Your answer must be an exact copy of the listing, with the images left out.

EXERCISE DATA
_ _ _ _
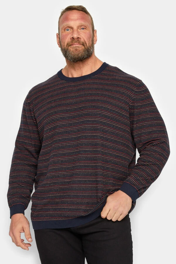 JACK & JONES Big & Tall Navy Blue Striped Knitted Jumper
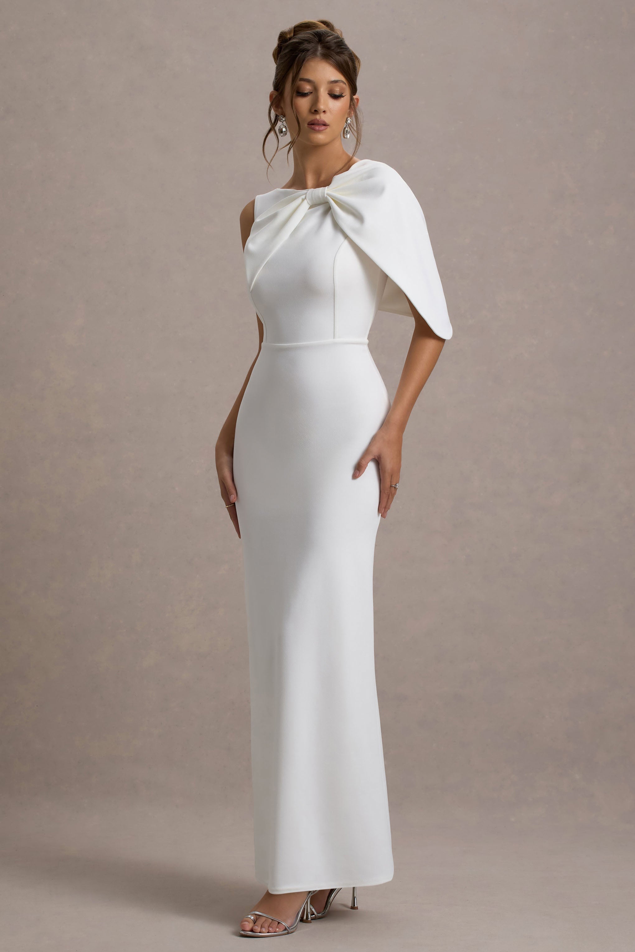 Make a lasting impression with Jamela, a striking one-sleeve maxi dress that exudes contemporary elegance. Crafted from our premium scuba crepe in white, this dress features a sleek, asymmetrical design that commands attention. Perfect for glamorous events,?Jamela pairs beautifully with metallic heels and statement accessories for a show-stopping finish.
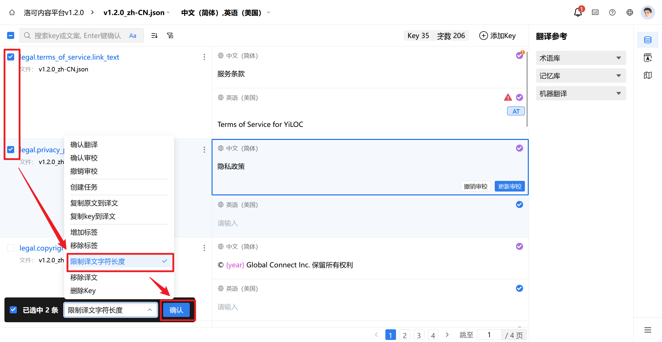 1.如您需要为Key批量设置译文长度,则可在编辑器中勾选多个Key,并在批量操作弹窗中选择【限制译文字符长度】选项,点击【确认】按钮。
_ _ _ _
SOLUTION TO THE PROBLEM
 JACK & JONES Big & Tall Navy Blue Striped Knitted Jumper
 Make a lasting impression with Jamela, a striking one-sleeve maxi dress that exudes contemporary elegance. Crafted from our premium scuba crepe in white, this dress features a sleek, asymmetrical design that commands attention. Perfect for glamorous events,?Jamela pairs beautifully with metallic heels and statement accessories for a show-stopping finish.
 1.如您需要为Key批量设置译文长度,则可在编辑器中勾选多个Key,并在批量操作弹窗中选择【限制译文字符长度】选项,点击【确认】按钮。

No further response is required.